Items from a data source →
§ §

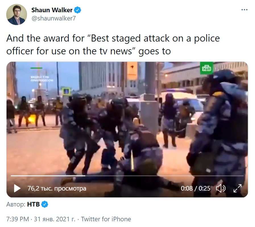 Журналист британского издания The Guardian Шон Уокер, который специализируется на Центральной и Восточной Европе, усомнился в реальности нашумевшего видео с воскресных протестов за Навального.
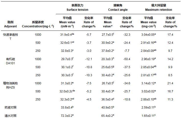 表2添加3種助劑后100 g/L聯苯菊酯乳油藥液表面張力、葉面接觸角和最大持留量的變化
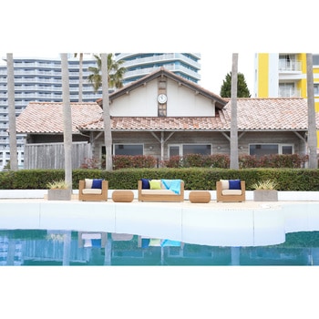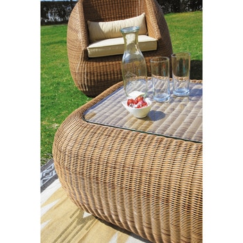 「四季を楽しむ日本人の暮らしに寄り添う」をコンセプトにしたLoom Gardenのファニチャー。ナチュラルカラーのラタンで編まれた丸みを帯びたラインが、愛らしく上品なブルコスシリーズです。質感よい人工ラタンにガラス天板を組み合わせることで、より高級感のあるリゾートスタイルに。フラットな天板のため飲み物を置いても安心です。庭やテラスに合わせて2種類のサイズから選ぶことができます。
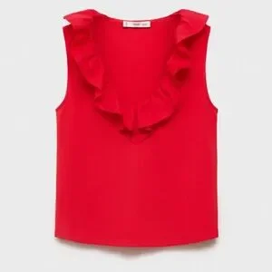 Mango Red Ruffled Sleeveless Top
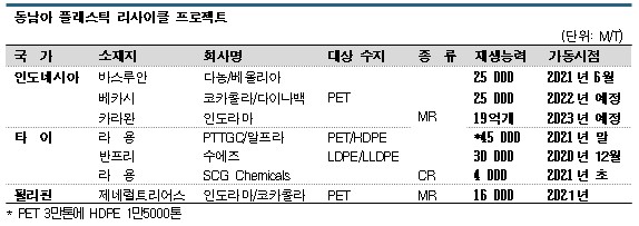 다만, 인도네시아와 타이가 병(Bottle)용 PET(Polyethylene Terephthalate), 포장용 폴리올레핀(Polyolefin) 리사이클 공장을 건설하고 있으나, 폐플래스틱 회수망 안정화나 지역사회와의 협력 강화 등이 요구되고 있다.
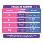 Tamanho P - Numeração de roupa 3 a 4 anos.M - Numeração de roupa 5 a 6 anos.G - Numeração de roupa 7 a 9 anos.GG - Numeração de roupa 10 a 12 anos. Ficou na dúvida de qual tamanho escolher ? Sempre indicamos a escolha de um tamanho maior pois é mais fácil fazer um ajuste, caso necessário. E por ser para criança, a fantasia irá durar por mais tempo conforme ela for crescendo.

§ §

YOUR TASK →
Begin at the first line of the data above and repeat each line exactly, stopping after the line containing "다만, 인도네시아와 타이가". Omit the pictures.

WORKED SOLUTION →
 Журналист британского издания The Guardian Шон Уокер, который специализируется на Центральной и Восточной Европе, усомнился в реальности нашумевшего видео с воскресных протестов за Навального.
 表2添加3種助劑后100 g/L聯苯菊酯乳油藥液表面張力、葉面接觸角和最大持留量的變化
 「四季を楽しむ日本人の暮らしに寄り添う」をコンセプトにしたLoom Gardenのファニチャー。ナチュラルカラーのラタンで編まれた丸みを帯びたラインが、愛らしく上品なブルコスシリーズです。質感よい人工ラタンにガラス天板を組み合わせることで、より高級感のあるリゾートスタイルに。フラットな天板のため飲み物を置いても安心です。庭やテラスに合わせて2種類のサイズから選ぶことができます。
 Mango Red Ruffled Sleeveless Top
 다만, 인도네시아와 타이가 병(Bottle)용 PET(Polyethylene Terephthalate), 포장용 폴리올레핀(Polyolefin) 리사이클 공장을 건설하고 있으나, 폐플래스틱 회수망 안정화나 지역사회와의 협력 강화 등이 요구되고 있다.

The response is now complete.